Health Magazine

It's Amazing to Think That I've Not Posted on This Blog f...

By Wplayter
It's amazing to think that I've not posted on this blog for a year. Thank you to all who encouraged me to keep going - your encouragement means a lot to me. Well, let's see. Right now I'm still struggling with the washing of my hands. I've been using pump soap lately which has really dried out my hands. Any advice on how to restore moisture to my cracked and bleeding knuckles? :)
OCD is a really amazing thing. It keeps cycling. It preys on your worst fears, and keeps changing so you always find yourself at a disadvantage. I've talked before about "good" and "bad" numbers. Recently I've found that they can cycle through pretty fast. The numbers that were traditionally bad for me have turned good for a while, and have now started turning back to bad. It's frustrating. Just when you thought improvements were being made, the improvements switch back to bad things.

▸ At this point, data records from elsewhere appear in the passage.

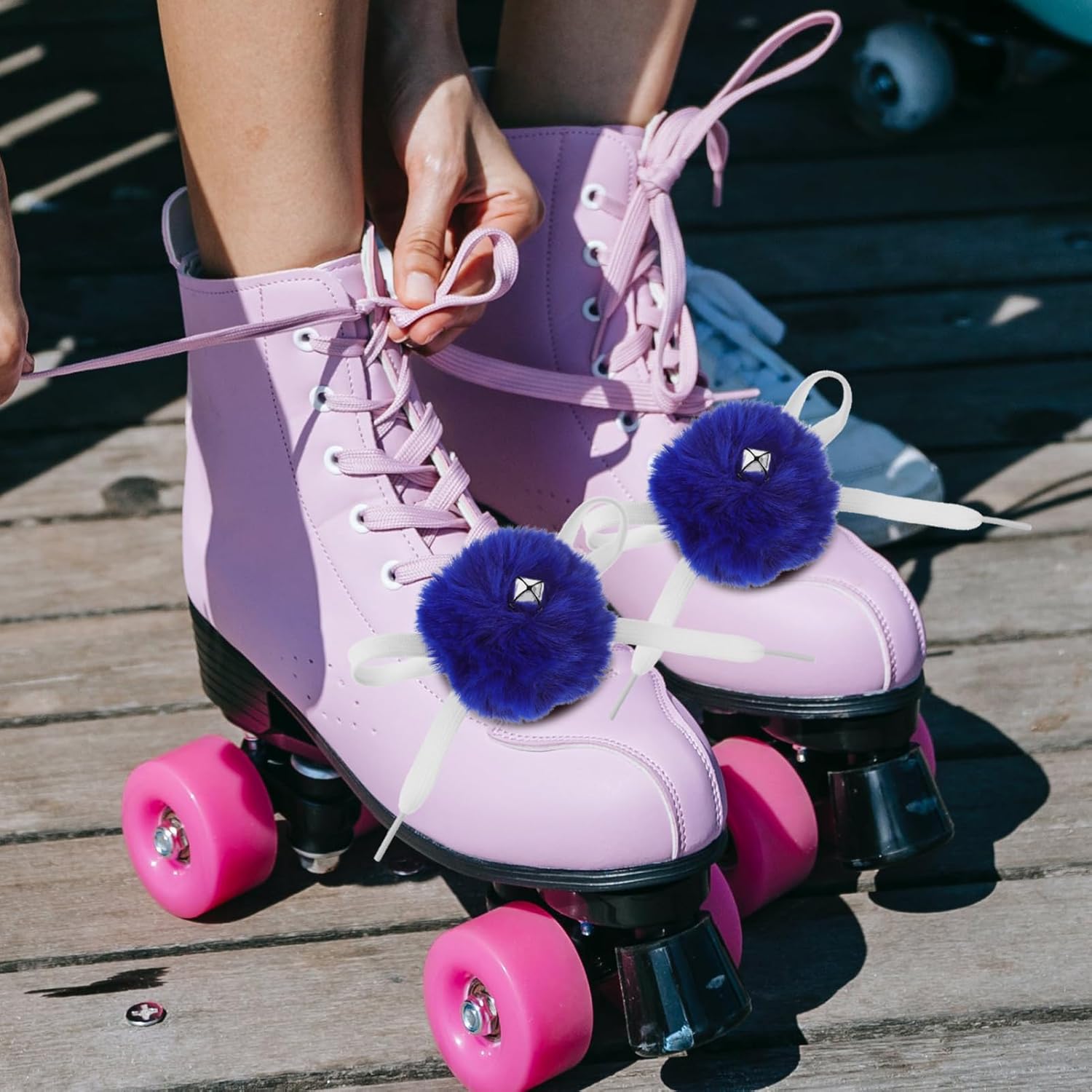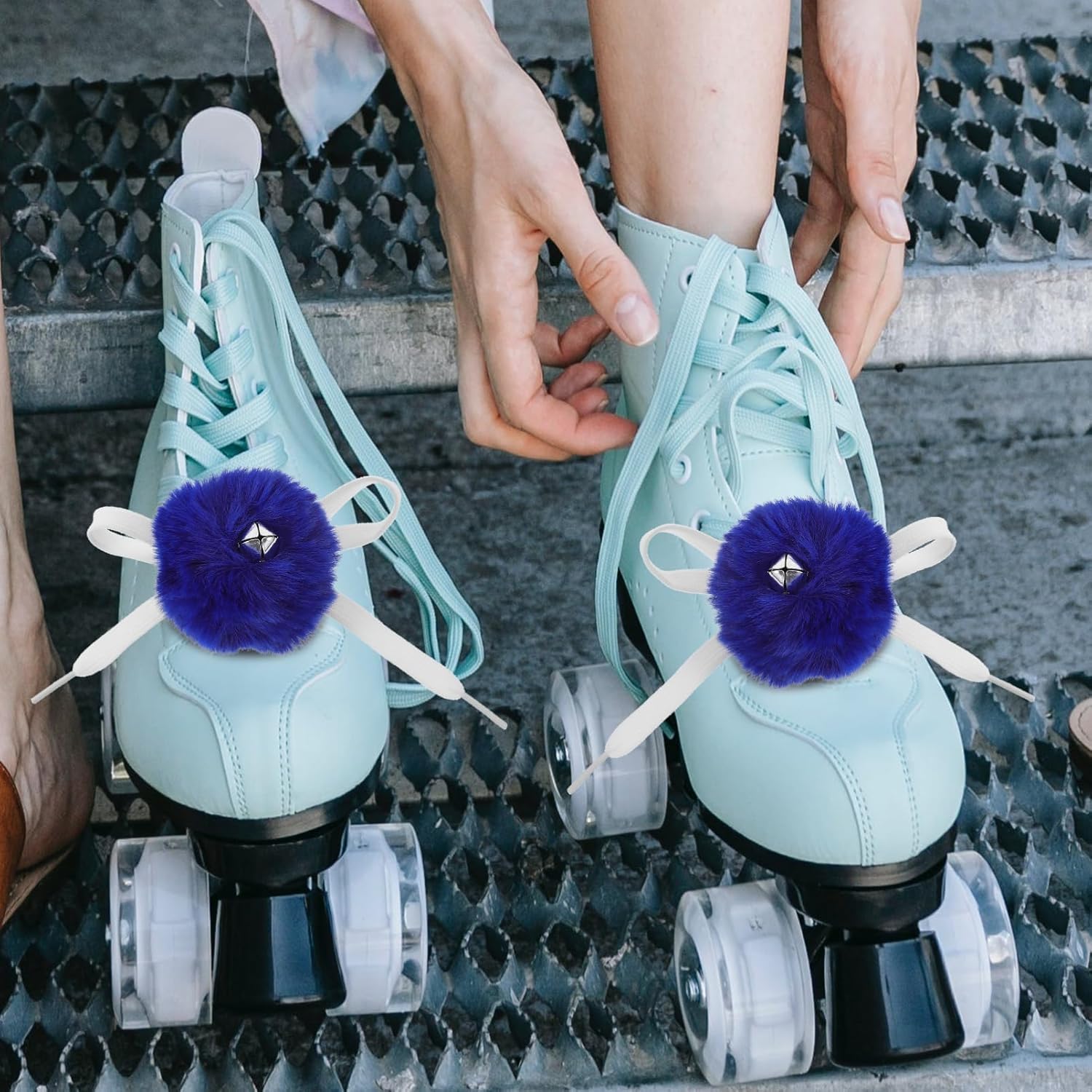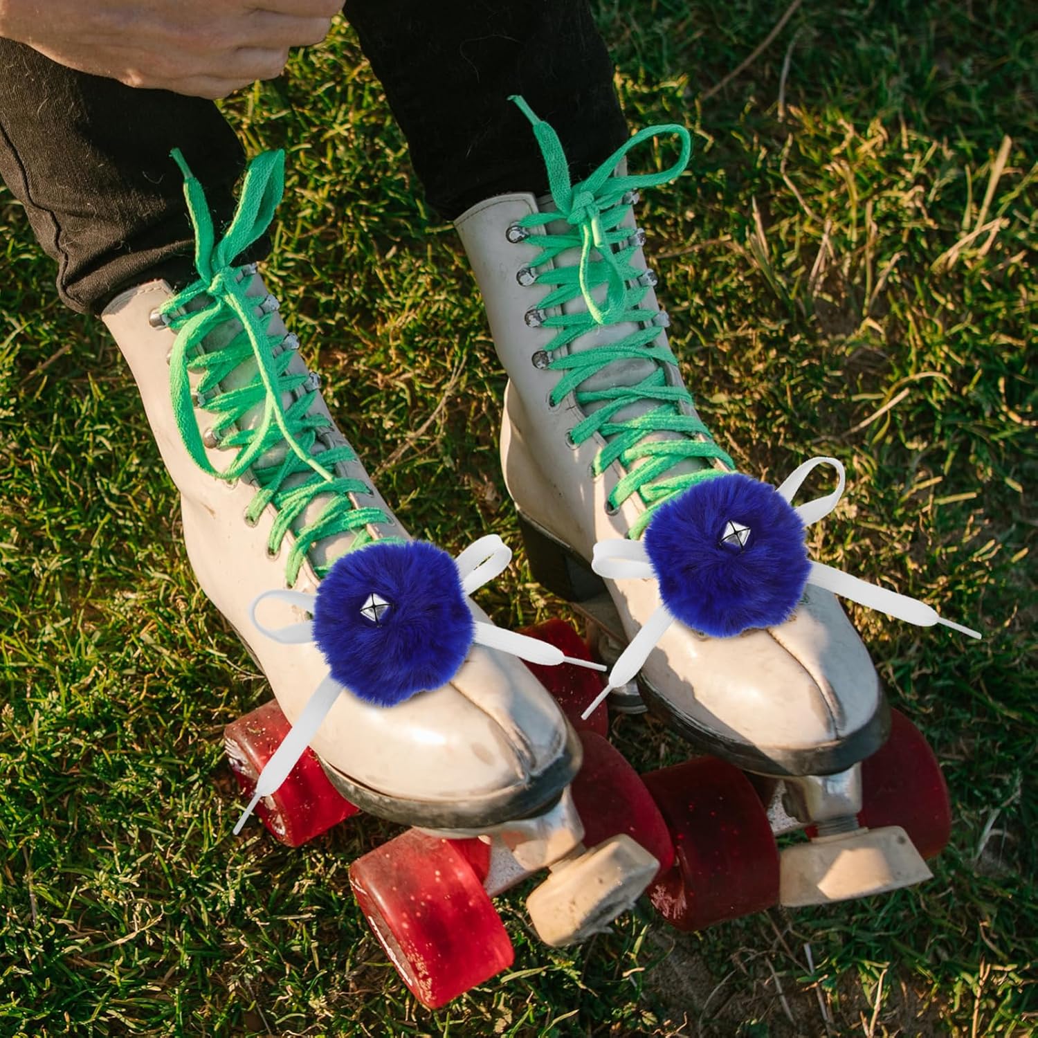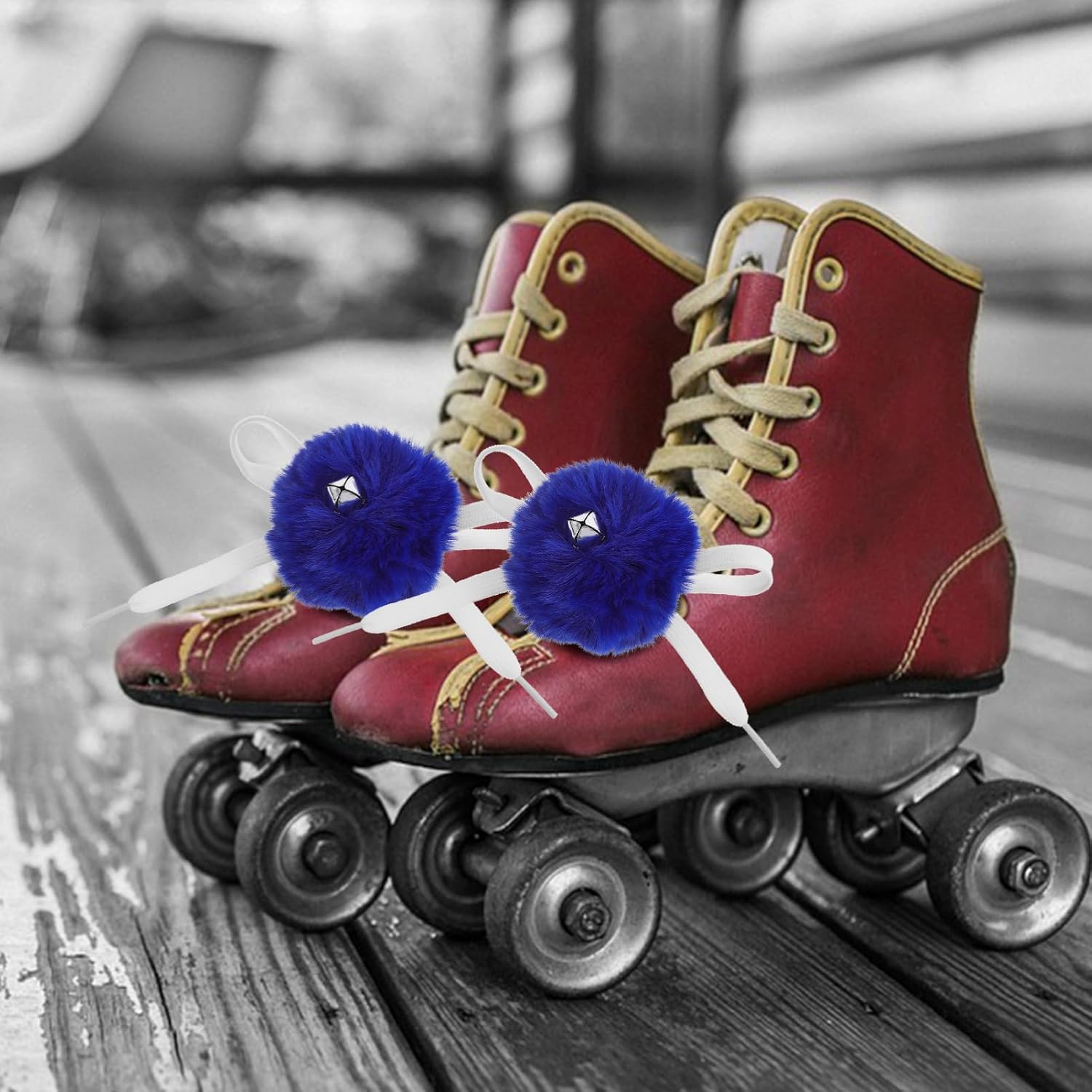 Palline soffici per pattini da ghiaccio: progettate con una campana sul pom pom, che può emettere un suono bellissimo, puoi distinguerti dal terreno ghiacciato. Pattini soffici palline - realizzate in materiale di lana artificiale, . pregevole fattura e bell'aspetto. Pon pon per pattini a rotelle: su questi pon pon sono presenti campanelli che possono emettere un suono nitido. Lacci per pattini da ghiaccio: saranno perfetti per scarpe da sci, scarpe da hockey, scarpe sportive, ecc. per creare il tuo stile. Palla soffice per pattini a rotelle: questi pon pon possono essere utilizzati per decorare la cintura del buco delle scarpe per controllare la tenuta delle scarpe.
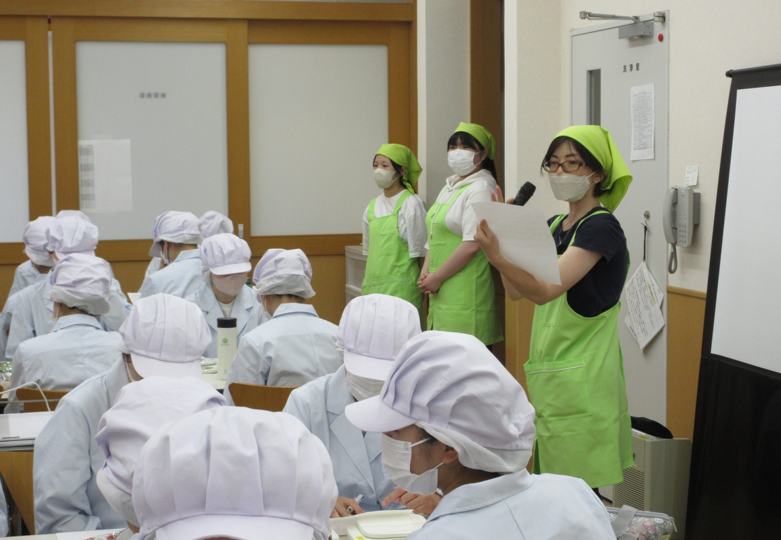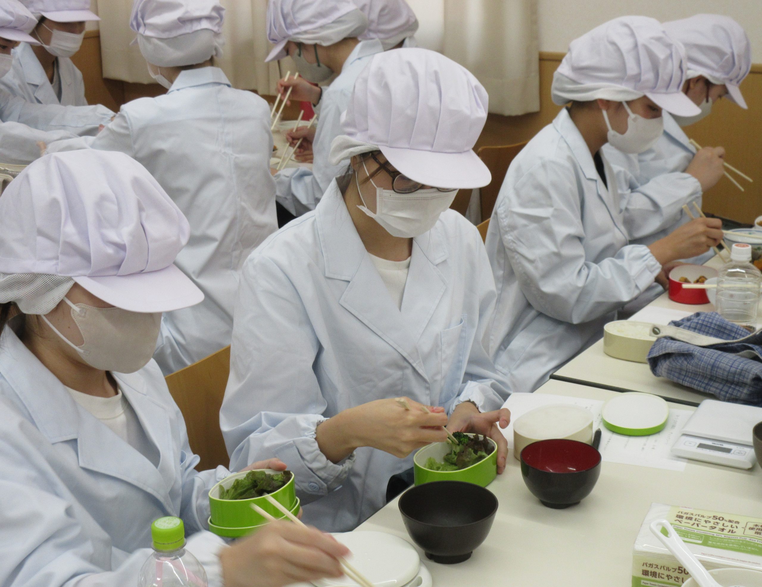学生からは「1食の適量や主菜、副菜のバランスがよくわかった」といった感想とともに、「自分が実践することで将来伝える側になったときに役立てたい」といった栄養教育者としての視点からの感想もみられ、将来、管理栄養士として活躍していくための知識・スキルを高める実り多い実習となりました。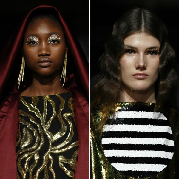 Swatches of primary colours grazing lids, lips, cheeks and noses, along with glitter and metallic inspiration was served down multiple runways. Vivienne Westwood remained as innovative as ever, with makeup artist, Isamaya Ffrench, decorating select models' faces with scintillating gold glimmer, from the forehead to the chin.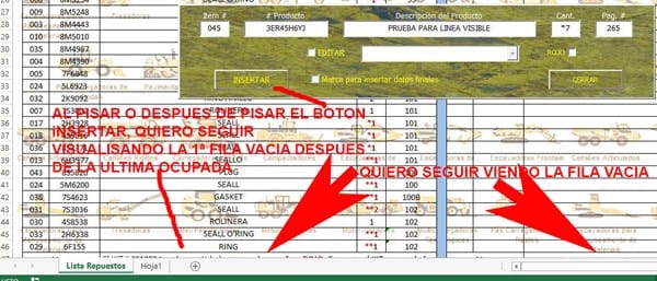En Excel, con form ejecutandose, quiero ver siempre la fila desocupada despues de la ultima ocupada
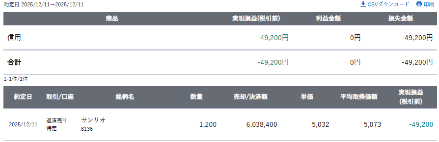 「サンリオ」の評価損益が-20%を超えたので、買い増しをしようと思いましたが、

Life has been pretty good lately, thought, in spite of the bleeding knuckles and cycling numbers. I've been taking some vitamin supplements that have at least put me in a good mood. Mind you, I"m not a doctor, so perhaps the supplements I am taking will lead to some kind of weird cancer or destroy my spleen. I don't know. What I do know is that I am feeling great taking St. John's Wort, Magnesium/Calcium/Zinc, Flax/Borage/Fish Oil, and then my regular medications. Please ask your doctor before adding any supplements or vitamins to your medication. Some supplements have terrible reactions with medication. Ask your doctor before you try any vitamins or supplements. (Lawyers, are you happy?!)
I have been struggling lately with a really weird symptom. It's not terribly disruptive, but it's weird. I have to have the light reflect off my thumbnail just right, so that it forms a vertical line down the left side of my left thumbnail. I don't know if any of my friends or family have noticed me angling my thumb so that whatever light there is (lamp light, the light of the speedometer, etc.) hits it just right, but it is annoying. I'm still slightly surprised I haven't gotten in a car accident due to all the things I have to do with my OCD while driving, but there you are.
What a crazy disorder. How can I help any of you who may be struggling?